Friday, April 26, 2013

Forgotten Books: A Dark Traveling -- Roger Zelazny

It's hard for me to believe that Roger Zelazny is in danger of becoming a forgotten writer, but I suppose he is.  When I came back to SF in the late '60s after having been away for a few years, Zelazny was one of the first writers that I hadn't known before whose work really hooked me.  I'd buy anything he wrote.  Somewhere along the way, he lost some of his magic (at least for me), but bits and pieces of it still showed up in just about any work of his.  He wrote one YA novel.  This is it.  It came along after the magic was gone, but it's still an entertaining book.

It's also pretty hard to describe because the plot is pretty complicated once you sit down and start thinking about it.  The story begins, as a lot of Zelazny's work does, in the middle of things.  The reader doesn't know what's going on, and it takes a while to catch up.  In the prologue, a girl named Becky, a witch, is having visions.  She doesn't know what they mean, and neither does the reader.  Some of them don't become clear until the very end of the book.  

Aside from the prologue, the book is narrated by James Wiley, who's fourteen and who's a werewolf, though he's never gone through a complete transformation yet.  Becky is his sister, except that she's really not, and his brother, Barry, isn't really his brother, either.  His father, who's really his father has disappeared.  There's blood on the floor, and the transcomp is damaged.  
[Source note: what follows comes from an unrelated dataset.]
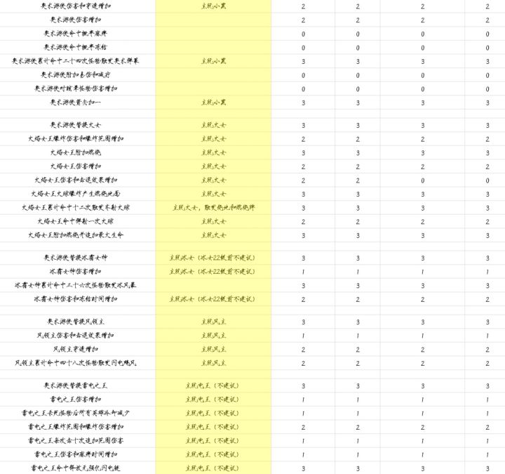 评分规则3:满足条件必带2:有用,可以带1:有用,但不多,没东西带了可以带0:没用仅代表当前版本的本人体验,可能会有误差。

Eventually we find out that a transcomp allows people to travel between the many alternate timelines, timelines created when a certain event causes one line to branch off from another.  There are three different kinds of timelines, and people who have a transcomp can visit all of them.  Naturally there are some you don't want to visit.

All of that is just the setup, but you can probably guess that there's going to be some timeline travel, that there are big events involved, and that James Wiley will go through a full transformation.  The best writing in the book, and the most like the Zelazny I enjoy, is the transformation scene. Great stuff.  Maybe the best werewolf transformation ever.  The rest of the book doesn't live up to it, but it's very short, it's a good adventure, and I got a little fun out of reading it again.

6 comments:

George said...

I remember the first time I read THE LORD OF LIGHT by Roger Zelazny. Blown away is too mild a description of what that book did to me. You're right that Zelazny's "magic" faded, but at the height of his powers in the Sixties, he may have been the best SF and fantasy writer alive.

mybillcrider said...

I felt the same way about LORD OF LIGHT. And if Zelazny wasn't the best, he was certainly my favorite.

Tom Johnson said...

The one I remember most was DAMNATION ALLEY.

mybillcrider said...

Good book, bad movie!

Steve Hooley said...

I met him once, fighting the cancer that killed him in the end. I heard him read from DONNERJACK and from another work in progress, and heard him explain that the third Madwand book wasn't written because the first two publishers couldn't agree. Argh! No, he won't be forgotten. LORD OF LIGHT seems very important in these days of religious fanaticism.

Anonymous said...

I love Roger Zelazny, but you were exactly right that some of the magic went out of his work. I have noticed this with other writers as well. I wonder if it at times indicates when an author stops doing it part time and becomes an author as his full time job. I feel much the same about Gene Wolfe's work as well. Still love it all but some of the magic has been lost.